Extended Aortic endocarditis to the Tricuspid Valve:
The Trans-aortic approach
Patient Demographics:
A 25 year old male patient with no significant medical history is admitted for persistent fever for over 2 months, along with severe dyspnoea and no chest pains.
Relevant History:
Echocardiography showed complete destruction of the aortic valve as well as a 20mm flail peri-aortic abscess on the septal side, extending to the right cavities, along with severe aortic insufficiency (AI), regurgitant volume (RV) at 66mL and ERO at 50 mm2. Prolapse of both cusps of the bicuspid aortic valve was also present and several abscesses of the aortic wall are detected. The pre-operative workup is completed with abdominal as well as brain CAT-Scan, which showed no extra-cardiac vegetations.
Pre-Operative Plan:
Given the presence of paravalvular abscess with severe AI, surgery was necessary. The challenge raised however was the possibility of repairing the valve, considering reconstructing the LVOT, and radical resection of the septum on both sides. Homograft and pericardial patch were provided.
Discussion:
Based on the diagnosis, urgent surgery was performed through a median sternotomy and bicaval cardiopulmonary bypass. Upon aortotomy, infectious damage was assessed showing total destruction of the valve and the septal membrane(a). To avoid contamination and debris embolism, an "en bloc" external dissection was performed allowing us a radical excision undertaking all infected tissue, including the membranous septum and disinsertion of the antero-septal commissure of the tricuspid valve(b). The commissure is then repaired with a 4/0 prolene stitch(c), and the left-right septum is closed using pericardial bovine patch(d).
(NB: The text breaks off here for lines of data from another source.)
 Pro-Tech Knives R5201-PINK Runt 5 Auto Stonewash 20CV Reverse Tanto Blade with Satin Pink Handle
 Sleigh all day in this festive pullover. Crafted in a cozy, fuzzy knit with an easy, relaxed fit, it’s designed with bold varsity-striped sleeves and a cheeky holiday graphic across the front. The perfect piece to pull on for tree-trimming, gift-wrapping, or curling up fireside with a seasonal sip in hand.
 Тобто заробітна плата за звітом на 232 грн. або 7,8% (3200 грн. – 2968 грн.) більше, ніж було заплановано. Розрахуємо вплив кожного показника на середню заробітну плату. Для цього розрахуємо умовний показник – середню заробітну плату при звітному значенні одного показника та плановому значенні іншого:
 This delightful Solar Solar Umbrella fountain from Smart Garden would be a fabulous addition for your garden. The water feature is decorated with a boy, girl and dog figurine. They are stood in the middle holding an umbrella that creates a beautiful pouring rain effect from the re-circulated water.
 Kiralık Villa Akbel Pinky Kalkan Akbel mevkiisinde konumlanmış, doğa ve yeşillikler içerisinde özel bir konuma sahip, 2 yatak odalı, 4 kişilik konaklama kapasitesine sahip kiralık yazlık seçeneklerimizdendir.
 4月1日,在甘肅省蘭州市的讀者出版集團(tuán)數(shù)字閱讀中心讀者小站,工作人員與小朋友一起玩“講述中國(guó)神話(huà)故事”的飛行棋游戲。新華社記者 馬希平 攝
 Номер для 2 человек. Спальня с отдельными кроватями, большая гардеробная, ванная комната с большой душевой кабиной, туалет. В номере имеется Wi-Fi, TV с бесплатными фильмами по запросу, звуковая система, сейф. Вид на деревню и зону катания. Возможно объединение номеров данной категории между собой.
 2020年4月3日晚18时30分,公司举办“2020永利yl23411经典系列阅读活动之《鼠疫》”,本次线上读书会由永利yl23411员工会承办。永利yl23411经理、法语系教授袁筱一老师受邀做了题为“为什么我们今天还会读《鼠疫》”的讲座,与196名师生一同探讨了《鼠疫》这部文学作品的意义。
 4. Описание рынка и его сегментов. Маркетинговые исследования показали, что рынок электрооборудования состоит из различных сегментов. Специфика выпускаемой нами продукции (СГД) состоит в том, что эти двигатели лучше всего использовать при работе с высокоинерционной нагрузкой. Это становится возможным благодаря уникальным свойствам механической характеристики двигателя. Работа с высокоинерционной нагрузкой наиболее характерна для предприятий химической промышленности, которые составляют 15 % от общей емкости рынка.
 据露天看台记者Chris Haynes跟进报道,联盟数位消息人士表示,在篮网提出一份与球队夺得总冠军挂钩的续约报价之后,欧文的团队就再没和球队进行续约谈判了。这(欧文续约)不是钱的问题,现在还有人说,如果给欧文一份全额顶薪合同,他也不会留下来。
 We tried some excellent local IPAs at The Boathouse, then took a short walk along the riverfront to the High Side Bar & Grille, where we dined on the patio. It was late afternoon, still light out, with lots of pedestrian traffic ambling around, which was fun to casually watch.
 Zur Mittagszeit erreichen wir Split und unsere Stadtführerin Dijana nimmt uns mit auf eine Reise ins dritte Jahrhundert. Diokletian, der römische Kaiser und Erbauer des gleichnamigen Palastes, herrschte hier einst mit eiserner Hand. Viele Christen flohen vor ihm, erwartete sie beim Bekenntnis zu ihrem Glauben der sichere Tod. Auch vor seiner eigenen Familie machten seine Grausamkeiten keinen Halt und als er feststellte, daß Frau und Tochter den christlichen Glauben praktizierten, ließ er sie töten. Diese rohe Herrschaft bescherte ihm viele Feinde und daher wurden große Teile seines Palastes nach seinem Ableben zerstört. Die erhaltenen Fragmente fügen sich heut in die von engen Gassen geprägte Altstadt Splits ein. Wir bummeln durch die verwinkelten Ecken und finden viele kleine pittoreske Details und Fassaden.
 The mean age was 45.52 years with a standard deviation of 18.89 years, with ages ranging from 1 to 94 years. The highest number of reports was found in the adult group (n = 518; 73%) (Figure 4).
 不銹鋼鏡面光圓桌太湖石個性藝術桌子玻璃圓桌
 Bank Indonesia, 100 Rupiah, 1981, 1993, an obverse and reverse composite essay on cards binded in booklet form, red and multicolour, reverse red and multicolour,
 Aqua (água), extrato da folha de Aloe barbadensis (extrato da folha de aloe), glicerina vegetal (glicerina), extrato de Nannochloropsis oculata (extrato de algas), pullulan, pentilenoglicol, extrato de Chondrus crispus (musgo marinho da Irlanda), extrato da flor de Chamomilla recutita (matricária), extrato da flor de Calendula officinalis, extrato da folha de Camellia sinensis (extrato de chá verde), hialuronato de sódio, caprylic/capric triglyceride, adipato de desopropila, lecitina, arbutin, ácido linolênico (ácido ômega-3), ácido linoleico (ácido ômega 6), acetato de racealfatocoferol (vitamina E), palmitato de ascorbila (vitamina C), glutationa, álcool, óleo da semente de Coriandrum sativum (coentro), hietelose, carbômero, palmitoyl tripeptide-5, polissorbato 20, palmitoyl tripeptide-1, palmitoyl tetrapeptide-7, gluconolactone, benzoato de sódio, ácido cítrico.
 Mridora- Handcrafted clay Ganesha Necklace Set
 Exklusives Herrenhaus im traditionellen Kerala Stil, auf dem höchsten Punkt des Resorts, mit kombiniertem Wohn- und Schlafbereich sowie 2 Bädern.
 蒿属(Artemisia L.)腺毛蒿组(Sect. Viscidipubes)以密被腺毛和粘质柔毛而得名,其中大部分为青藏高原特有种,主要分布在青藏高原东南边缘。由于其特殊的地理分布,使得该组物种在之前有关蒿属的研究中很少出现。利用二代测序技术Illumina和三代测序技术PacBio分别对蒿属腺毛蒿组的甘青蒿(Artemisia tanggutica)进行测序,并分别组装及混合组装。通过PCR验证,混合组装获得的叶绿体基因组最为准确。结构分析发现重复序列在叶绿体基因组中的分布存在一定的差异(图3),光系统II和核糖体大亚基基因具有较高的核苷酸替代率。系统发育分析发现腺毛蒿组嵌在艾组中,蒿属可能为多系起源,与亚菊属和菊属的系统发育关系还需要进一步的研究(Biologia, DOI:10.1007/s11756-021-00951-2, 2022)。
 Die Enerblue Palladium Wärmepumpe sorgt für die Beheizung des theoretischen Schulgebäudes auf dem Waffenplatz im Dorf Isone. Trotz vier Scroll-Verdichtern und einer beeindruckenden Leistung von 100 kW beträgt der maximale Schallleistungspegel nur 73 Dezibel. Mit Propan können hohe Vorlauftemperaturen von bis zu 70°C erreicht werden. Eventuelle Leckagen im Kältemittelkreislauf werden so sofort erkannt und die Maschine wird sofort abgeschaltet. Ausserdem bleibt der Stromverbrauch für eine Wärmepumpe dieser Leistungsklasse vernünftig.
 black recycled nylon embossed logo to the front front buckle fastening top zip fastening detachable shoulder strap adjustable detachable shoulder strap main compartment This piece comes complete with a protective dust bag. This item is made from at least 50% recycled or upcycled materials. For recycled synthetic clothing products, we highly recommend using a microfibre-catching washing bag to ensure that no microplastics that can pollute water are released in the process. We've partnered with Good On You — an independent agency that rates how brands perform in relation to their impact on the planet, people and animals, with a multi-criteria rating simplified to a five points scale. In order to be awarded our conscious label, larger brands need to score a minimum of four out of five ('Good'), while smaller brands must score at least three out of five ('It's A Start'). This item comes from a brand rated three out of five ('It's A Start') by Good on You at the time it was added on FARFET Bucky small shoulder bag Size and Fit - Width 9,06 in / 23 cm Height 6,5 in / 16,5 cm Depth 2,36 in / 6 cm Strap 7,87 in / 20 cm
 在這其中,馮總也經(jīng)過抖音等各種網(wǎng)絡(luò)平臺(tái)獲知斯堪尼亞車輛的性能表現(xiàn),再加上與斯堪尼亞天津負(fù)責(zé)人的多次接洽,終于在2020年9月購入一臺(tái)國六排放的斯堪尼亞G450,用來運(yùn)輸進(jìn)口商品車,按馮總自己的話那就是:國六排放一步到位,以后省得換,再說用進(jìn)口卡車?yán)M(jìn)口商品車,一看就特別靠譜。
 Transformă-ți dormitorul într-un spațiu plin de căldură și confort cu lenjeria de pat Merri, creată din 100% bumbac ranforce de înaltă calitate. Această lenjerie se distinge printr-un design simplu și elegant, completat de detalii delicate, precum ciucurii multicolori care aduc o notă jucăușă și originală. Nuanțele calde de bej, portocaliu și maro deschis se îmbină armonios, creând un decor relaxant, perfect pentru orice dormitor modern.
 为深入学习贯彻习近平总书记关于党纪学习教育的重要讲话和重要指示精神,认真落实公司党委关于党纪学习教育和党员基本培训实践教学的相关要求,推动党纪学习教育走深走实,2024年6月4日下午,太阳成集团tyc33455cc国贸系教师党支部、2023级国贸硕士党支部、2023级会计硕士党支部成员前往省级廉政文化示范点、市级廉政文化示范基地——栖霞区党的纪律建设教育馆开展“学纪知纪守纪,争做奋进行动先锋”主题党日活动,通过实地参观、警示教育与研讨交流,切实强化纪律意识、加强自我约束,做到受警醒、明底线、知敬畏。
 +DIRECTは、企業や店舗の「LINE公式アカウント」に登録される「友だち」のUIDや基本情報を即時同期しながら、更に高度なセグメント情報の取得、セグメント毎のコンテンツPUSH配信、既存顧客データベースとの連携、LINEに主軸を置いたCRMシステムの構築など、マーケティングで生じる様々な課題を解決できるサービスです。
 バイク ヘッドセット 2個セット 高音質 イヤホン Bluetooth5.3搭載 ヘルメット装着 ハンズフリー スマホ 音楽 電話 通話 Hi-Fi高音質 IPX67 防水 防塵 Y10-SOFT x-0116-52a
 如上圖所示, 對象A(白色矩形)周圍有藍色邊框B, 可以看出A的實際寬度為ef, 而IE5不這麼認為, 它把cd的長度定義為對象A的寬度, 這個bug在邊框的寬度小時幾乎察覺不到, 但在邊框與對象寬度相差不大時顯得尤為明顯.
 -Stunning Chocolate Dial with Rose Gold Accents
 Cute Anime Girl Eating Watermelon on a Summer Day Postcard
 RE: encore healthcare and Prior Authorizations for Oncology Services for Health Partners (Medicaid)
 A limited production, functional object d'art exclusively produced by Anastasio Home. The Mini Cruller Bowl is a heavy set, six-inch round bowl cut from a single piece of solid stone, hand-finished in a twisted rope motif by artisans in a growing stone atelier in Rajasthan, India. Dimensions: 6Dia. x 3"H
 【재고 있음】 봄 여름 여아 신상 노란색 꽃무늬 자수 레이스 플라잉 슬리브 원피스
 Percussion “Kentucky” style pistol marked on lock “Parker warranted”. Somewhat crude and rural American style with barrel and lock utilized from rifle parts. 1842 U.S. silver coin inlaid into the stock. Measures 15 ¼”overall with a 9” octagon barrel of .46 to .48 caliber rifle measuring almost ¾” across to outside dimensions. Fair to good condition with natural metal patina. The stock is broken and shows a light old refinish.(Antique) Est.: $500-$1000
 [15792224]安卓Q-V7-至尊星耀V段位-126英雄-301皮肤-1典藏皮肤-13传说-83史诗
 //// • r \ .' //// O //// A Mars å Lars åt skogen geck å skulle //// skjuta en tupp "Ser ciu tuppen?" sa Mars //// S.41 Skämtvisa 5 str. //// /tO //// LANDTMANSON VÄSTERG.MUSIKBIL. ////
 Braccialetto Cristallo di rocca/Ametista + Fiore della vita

The aortic homograft is used to reconstruct the LVOT. Perioperative TEE showed a competent aortic valve with discrete AI. The patient had a normal post-operative course, except for a permanent pacemaker implantation due to AV block, and antibiotics were maintained for a 6-week period before he was discharged. Follow-up at 28 months was satisfactory, where the patient was asymptomatic and TTE showed discrete AI, no TR, and normal LV function.